- **WHAT TO WORK ON**
Would you print exactly the lines that begin the listing and continue through the line holding "Accessing the Virus"? No pictures, please.

- **AVAILABLE DATA**
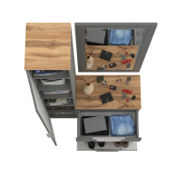 Выполнена в 2-х цветах: белый шагрень/дуб золотой и серый графит/дуб золотой.
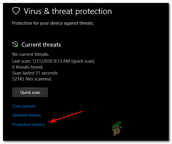 Accessing the Virus and Threat Protection - Once you’re inside the Virus and Threat protection menu, click on Protection history (under the Quick Scan button)
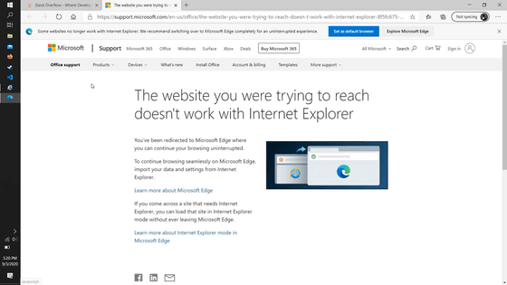Thông số kỹ thuật mới này đã được thử nghiệm trong phiên bản 84 Edge được phát hành vào tháng 7/2020, nhưng sẽ được kích hoạt cho tất cả người dùng trong phiên bản 87 Edge dự kiến phát hành vào tháng 11 tới. IE tải tệp thông qua một plugin, sau đó sẽ theo dõi những trang web bạn đang truy cập thông qua trình duyệt. Khi bạn điều hướng đến một trang mà Microsoft không muốn người dùng truy cập qua IE, trang hỗ trợ với thông báo sau sẽ xuất hiện:
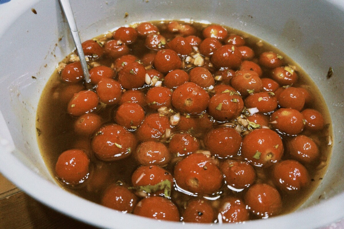 옥상 텃밭에서 수확한 토마토로 마리네이드를 만들었습니다.
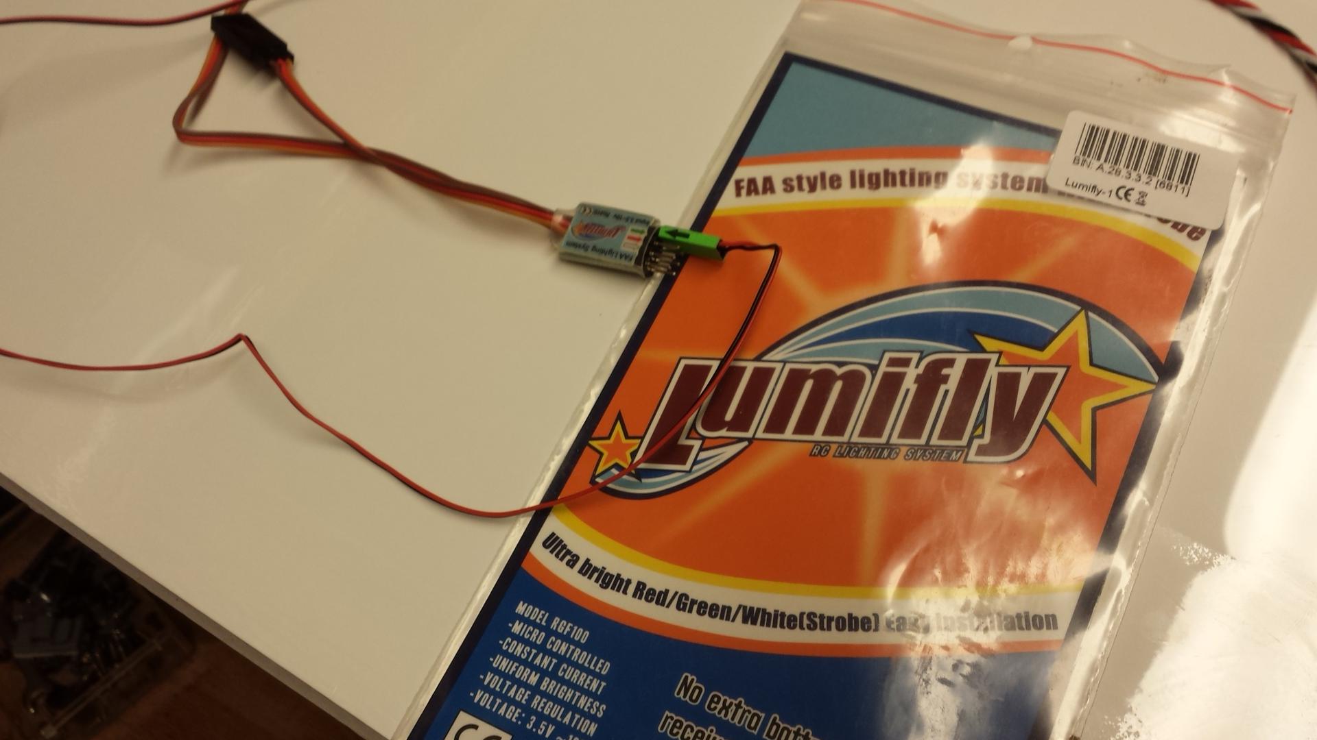 Denne gangen bruker jeg 3 sett av dette lys systemet, et i hver ving og et til halen.

- **ANSWER FOR THE TASK**
 Выполнена в 2-х цветах: белый шагрень/дуб золотой и серый графит/дуб золотой.
 Accessing the Virus and Threat Protection - Once you’re inside the Virus and Threat protection menu, click on Protection history (under the Quick Scan button)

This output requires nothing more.